Still, the administration faces continuing political pressure to broaden assistance programs, particularly in New England, where between 60 and 70 percent of the households use heating oil.

For that reason, administration sources say Carter may choose a speech he plans to make to elderly people in Hartford, Conn., Wednesday as a forum to unveil further assistance programs.

Sources say one of the plans would offer tax rebates that would be phased out somewhere in the income range of $20,000 to $30,000.

Sen. Harrison A. Williams Jr. (D.-N.J.), chairman of the Senate Labor and Human Resources Committee, yesterday introduced legislation that would provide $6.6 billion in federal aid over five years to help families pay their heating oil bills, adding more pressure on the administration to up the ante on its relief programs.

Several other programs aimed at heating oil relief have been proposed in Congress.

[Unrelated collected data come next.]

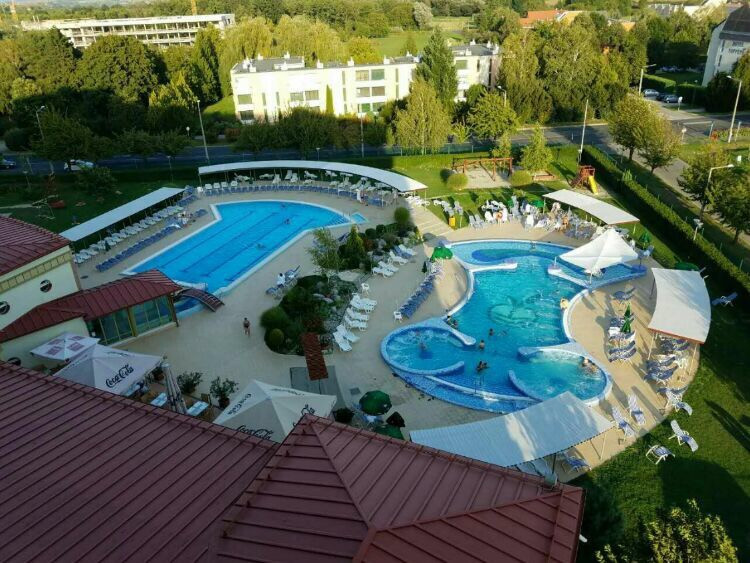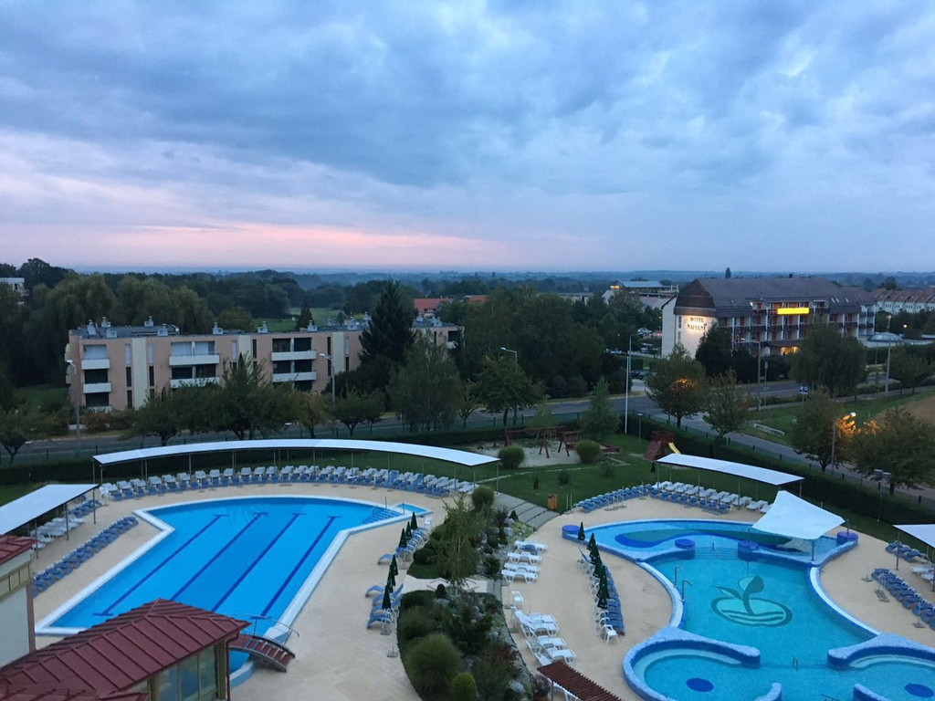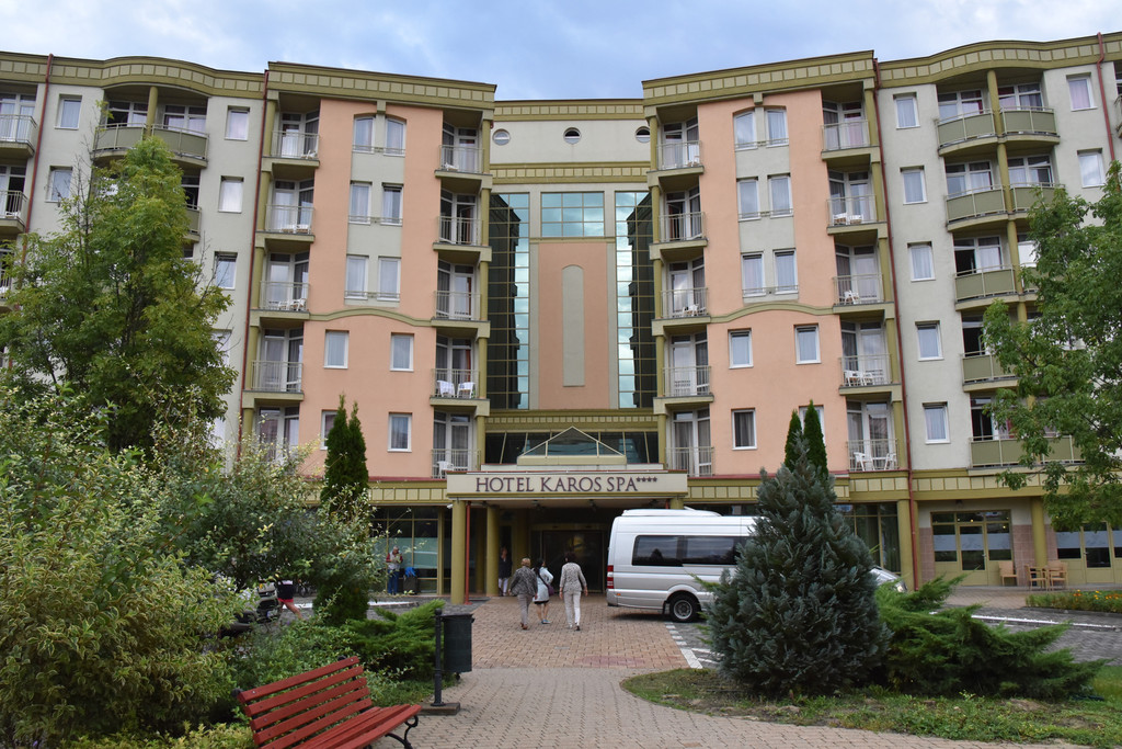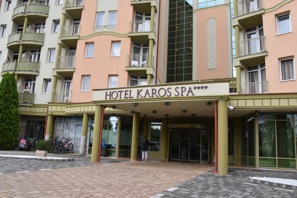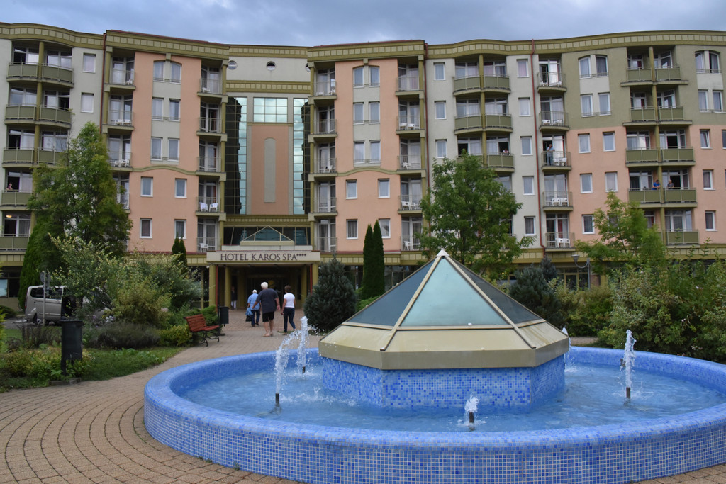 吃罢午饭(当然是中餐)我们要驱车310公里跨越国境到匈牙利的温泉城市黑维兹,路上放映着电影茜茜公主,不知不觉中已经进入匈牙利,这就是同是欧盟国家的好处。电影还没放完,大巴车已经拐入了小路,十几分钟后进入了温泉度假酒店,KAROS SPA HOTEL,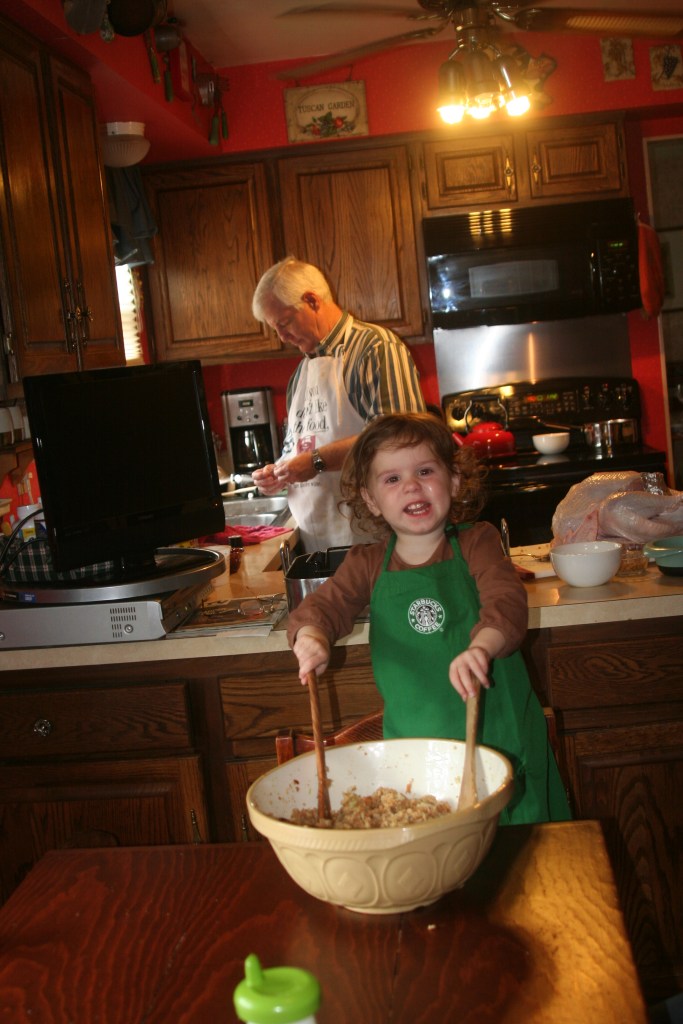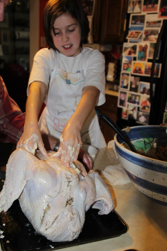 My roasting the Thanksgiving turkey has become a family tradition and each of my three children was my Sous Chef for a couple of years to learn my recipe and approach. Since she was 18 months old, my oldest granddaughter, Reese Davis, has been my Sous Chef and and this picture is Reese at 18 months old in 2007 helping to make the stuffing. She also tasted it frequently for quality control. Last year, when she was 15, she took on the lead role and I was her Sous Chef. This year Ray Davis, her youngest brother, age 8, has asked to join the team and learn how to roast a turkey. He really likes cooking at their house and I think he will quickly be a very productive member of the team. “I” and “we” are used somewhat interchangeably in these notes with we representing the team of Reese and I with assistance in some places from Beth.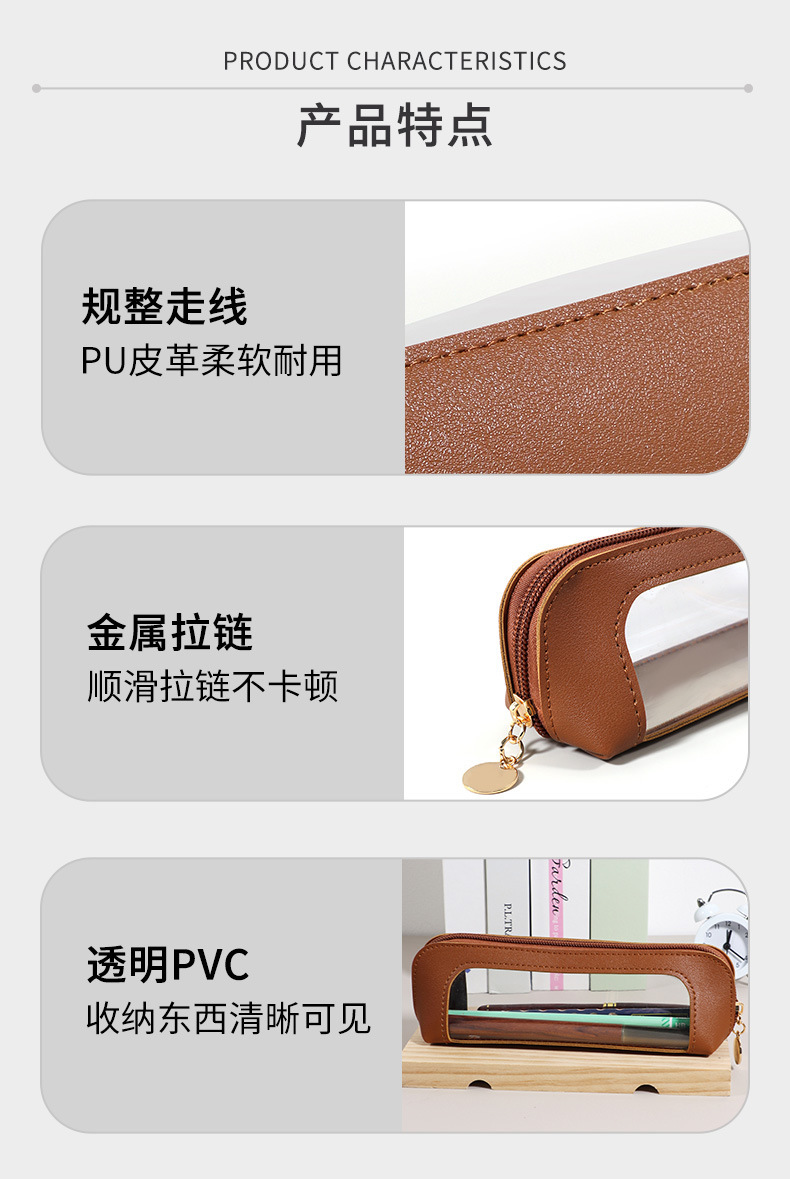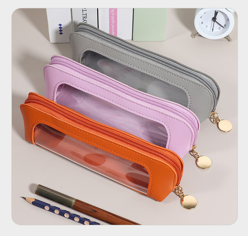 멀티 팩 대용량 가죽 연필 케이스 지퍼 오프닝 학생 시각화 가방 스타일 간단한 솔리드 컬러 연필 케이스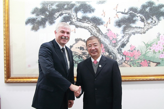 近日,校党委书记刘宇陆热情会见了来访的英国伦敦金斯顿大学外事副校长兼商学院院长罗纳德•图宁加(Ronald Tuninga)、国际事务顾问大卫•努尔(David Knull)和中国区事务负责人马子明一行。

The administration has also been jawboning the oil industry to keep prices down. In congressional testimony earlier this week, Deputy Energy Secretary John O'Leary warned that price controls on heating oil could be imposed if the Energy Department determines that the oil companies have unfairly boosted profits at the same time prices were already rising at record levels.

The DOE figures showed that while rising crude costs were a major component of the increased costs of heating oil, refiners had also increased their margins substantially.

Oil industry spokesmen defended their profit boosts by saying they had been making insufficient profits on home heating oil in the past, and that this was the first opportunity in two years that they had to increase their profits to adequate levels.